#### Required action
Output must consist only of the lines of the material below from the one with "On November 17, 1986, Lockheed" through the one with "Elevate your wardrobe", each reproduced exactly; no pictures belong in it.

#### Exercise data
■ ■ ■ ■ ■
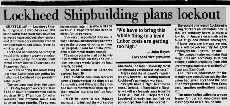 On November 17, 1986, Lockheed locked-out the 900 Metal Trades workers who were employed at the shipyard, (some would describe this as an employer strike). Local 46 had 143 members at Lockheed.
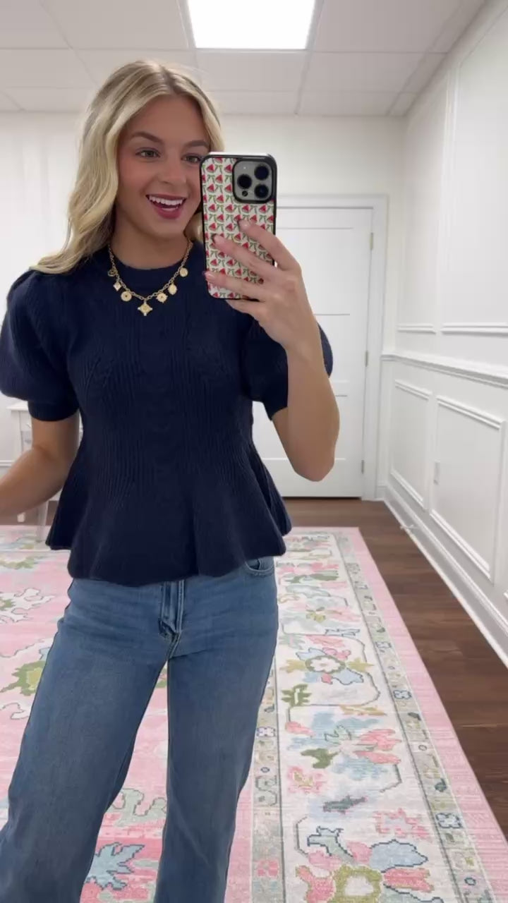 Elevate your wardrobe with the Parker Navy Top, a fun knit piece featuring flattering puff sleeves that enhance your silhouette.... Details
■ ■ ■ ■ ■
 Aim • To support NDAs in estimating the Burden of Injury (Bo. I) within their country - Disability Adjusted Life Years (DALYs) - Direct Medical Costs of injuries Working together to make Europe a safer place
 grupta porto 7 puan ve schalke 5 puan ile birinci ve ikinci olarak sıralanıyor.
■ ■ ■ ■ ■
#### Task answer
 On November 17, 1986, Lockheed locked-out the 900 Metal Trades workers who were employed at the shipyard, (some would describe this as an employer strike). Local 46 had 143 members at Lockheed.
 Elevate your wardrobe with the Parker Navy Top, a fun knit piece featuring flattering puff sleeves that enhance your silhouette.... Details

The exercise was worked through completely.